ハッピーアイスクリーム

女神の見えざる手のハッピーアイスクリームのレビュー・感想・評価

女神の見えざる手(2016年製作の映画)
4.3
銃規制法案を巡り、政界を裏で動かす戦略のプロ“ロビイスト”の女性の暗躍とその実態に迫ったポリティカルサスペンス。

勝つ能力以外に信じるものは。

『ゼロ・ダーク・サーティ』のジェシカ・チャステインが勝利のためなら手段を選ばない敏腕ロビイストを演じ、ゴールデングローブ賞では主演女優賞にノミネートされた作品。

この映画を観るまではロビイストという仕事の存在自体知らず、内容的にも難解かと思っていたのですが、その駆け引きと予想外の展開の連続にとても引き込まれ、面白かったです。

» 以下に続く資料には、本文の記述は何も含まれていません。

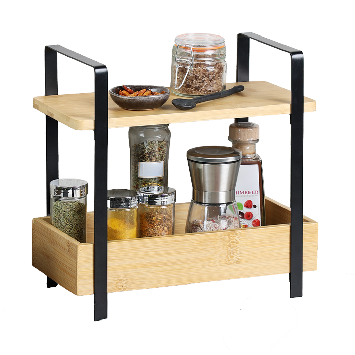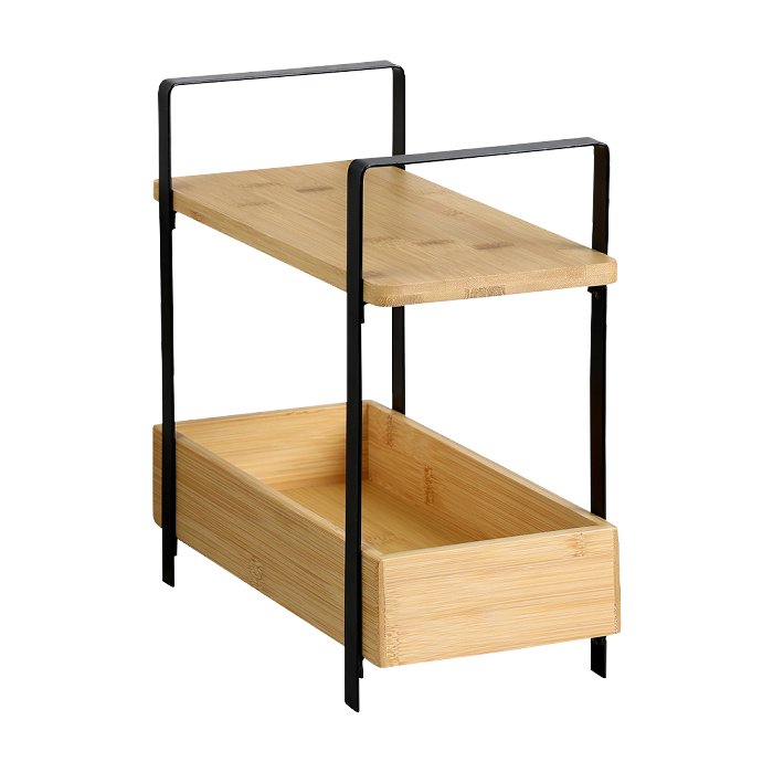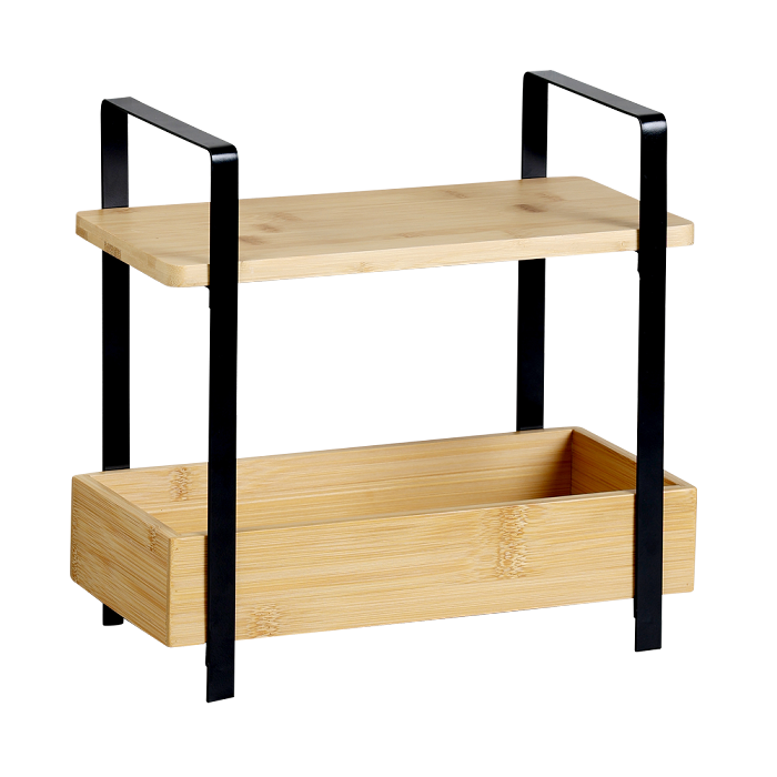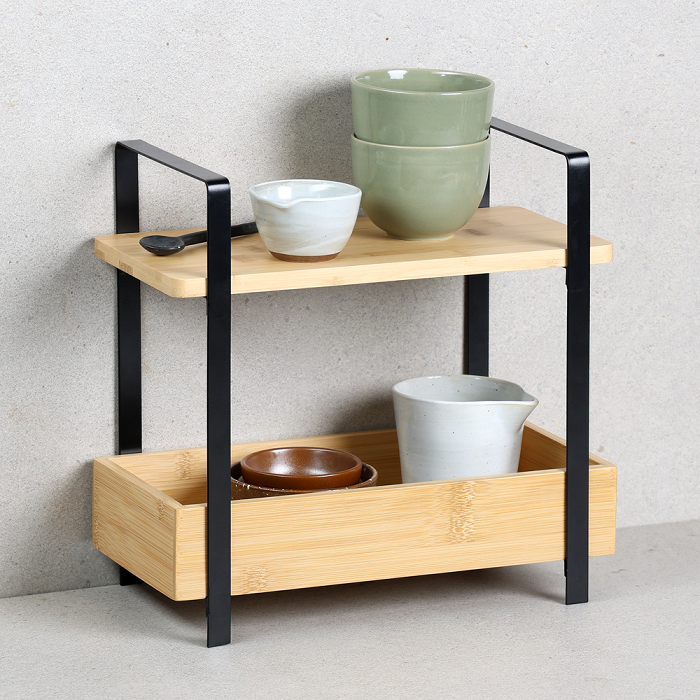 Kombination aus Bambusablagen und stabilem Metallgestell
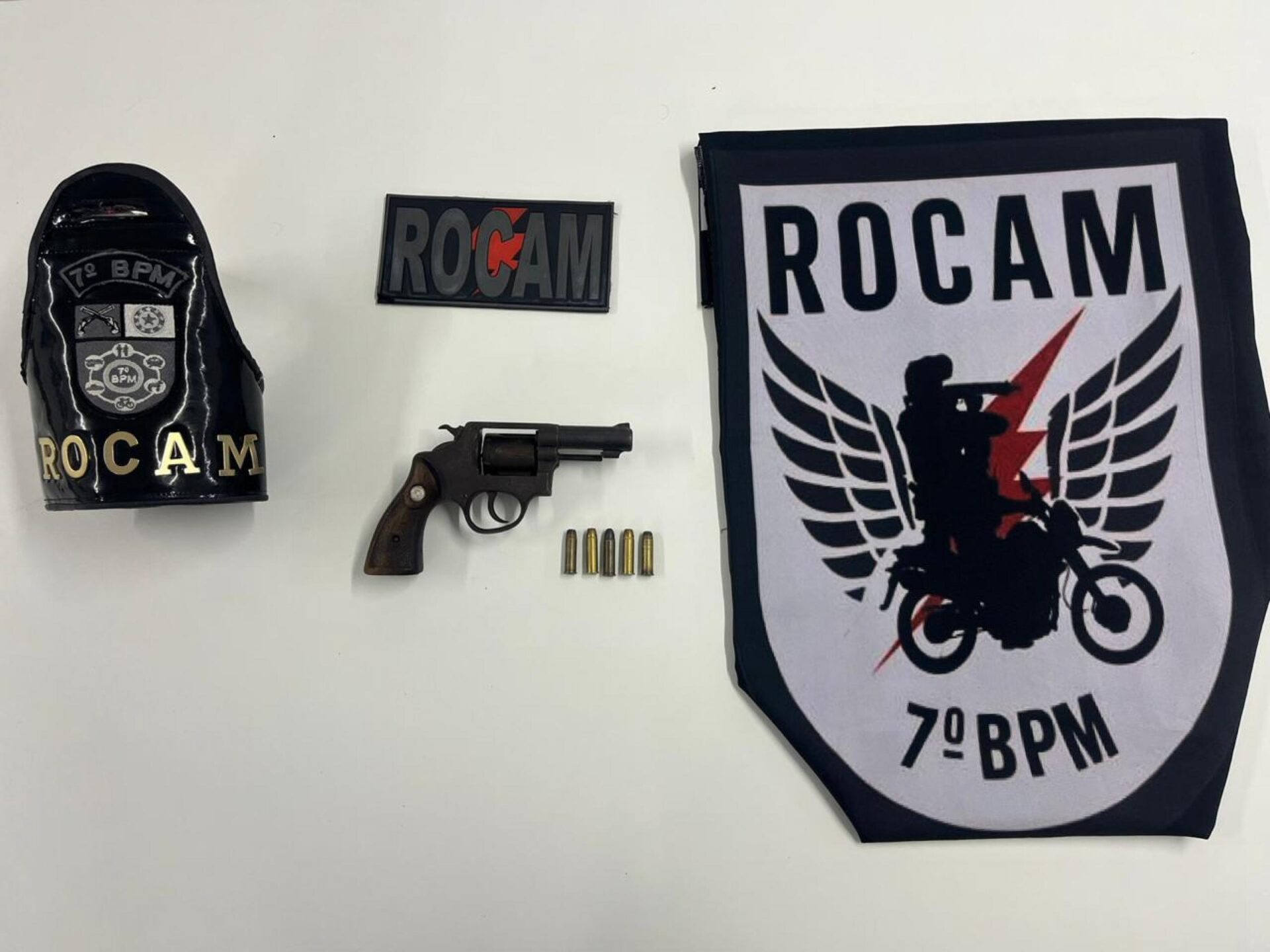 O fato ocorreu perto das 21h, em um sítio na localidade Areias, na zona rural da cidade. A guarnição de Rondas Ostensiva Com Apoio de Motocicletas (Rocam) do 7º Batalhão de Polícia Militar (BPM) foi acionada para averiguar a denúncia. No momento em que se aproximava do endereço indicado, a equipe observou quando o indivíduo tentou se desfazer de um armamento que estava em sua cintura. Ele foi abordado e, diante do flagrante, foi preso.

最初に主人公の女性の人間性からロビイストの役割を描き、そこから規制法案を巡り会社と対立するまでの流れが理解できたところでの議長の“パーティへ ようこそ”はシビれた。
この開始30分ほどで完全に心持ってかれた。

登場人物も個性豊かで良かった。
主人公のスローンの一見非情にも思える論理感。
その裏には曖昧にしたくない自分の信念があって、自分の選んだ正しさに覚悟を持った生き様が魅力的。
彼女が選んだラストはカッコ良すぎた。
もう一人印象的だったのが、エスコート業のフォード。
彼の委員会での証言のシーンは良かった。
あれは情によってではなく、プロとしてルールを守ったと僕は思っています。

“敵が切り札を出したあと 自分の札を出す”

彼女はどこからどこまでこのシナリオを仕組んでいたのか。
彼女が勝つ能力以外に信じたものはなんだったのか。
観る人によって様々な解釈ができる作品だと思います。